Rational designing of TMOs@C anchored at the Ti3C2Tx MXene nanosheets is essential for advanced lithium-ion batteries (LIBs). Here, 1D/2D Bi2O3@C/MXene heterostructure has been successfully synthesized by hydrothermal-pyrolysis-oxidation strategies as anode material for LIBs. Carbon matrix not only improves conductivity but also greatly relieves volume expansion of Bi2O3 nanoparticles, and offers numerous paths for fast electrons/ions diffusion. In addition, porous carbon matrix and voids among the nanosheets could provide shorter diffusion channels for the transmission of Li+ ions, achieving superior energy storage.

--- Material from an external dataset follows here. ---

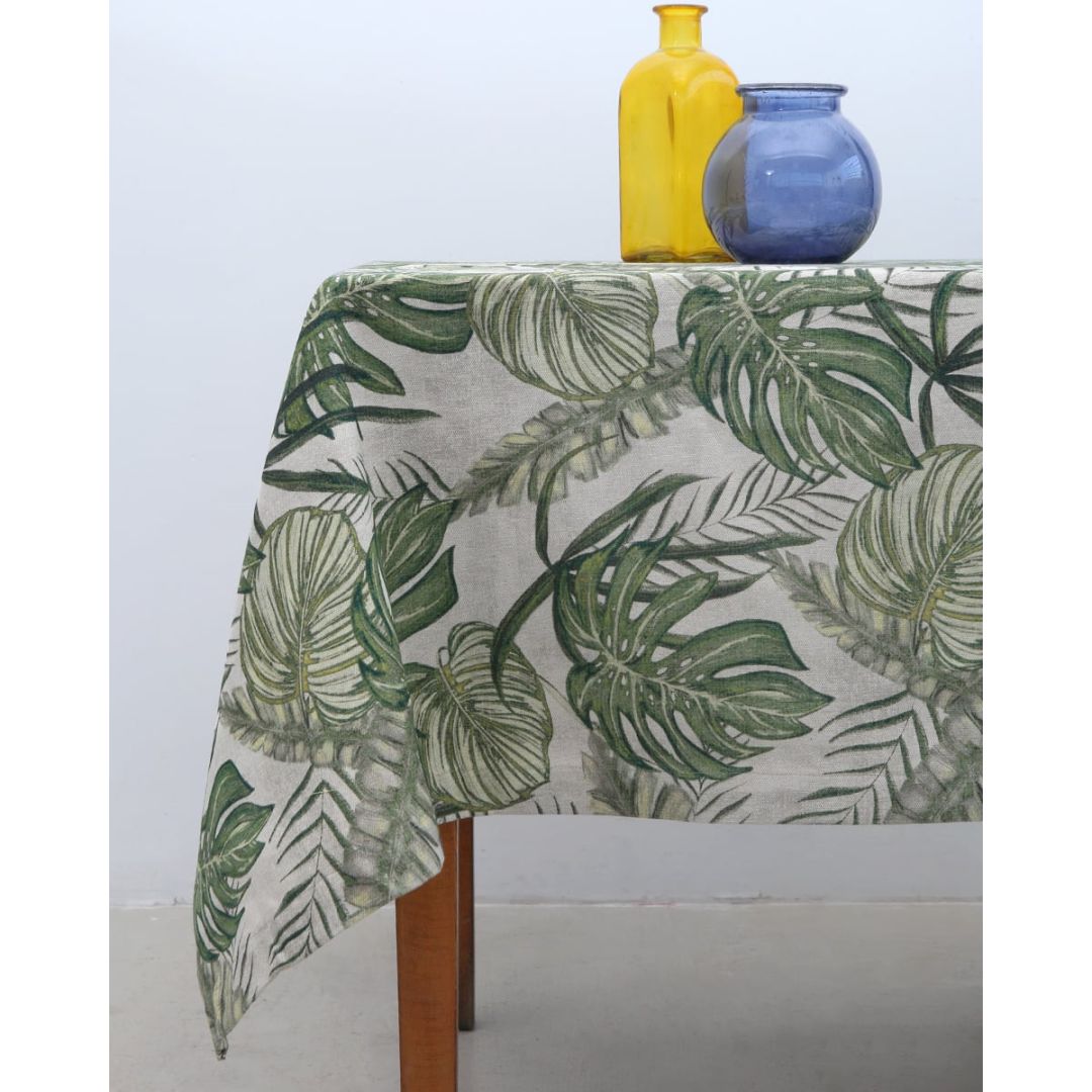 Λινό Εμπριμέ Τραπεζομάντηλο Monstera 12 ατόμων (165 x 280cm)

Furthermore, Bi2O3@C/MXene heterostructure not only hinders the restacking and aggregating of 2D MXene nanosheets, but also greatly improves the conductivity, and alleviates mechanical stress caused by volume changes of Bi2O3@C. Remarkably, the characteristics endow its excellent performances for LIBs, which exhibit excellent specific capacity (248 mAh g−1, 2 A g−1) and superior cycling stability of 267.2 mAh g−1 at 1 A g−1 after 700 cycles (Coulombic efficiency=99.44%). This work presents novel insights for designing attractive anode materials for LIBs.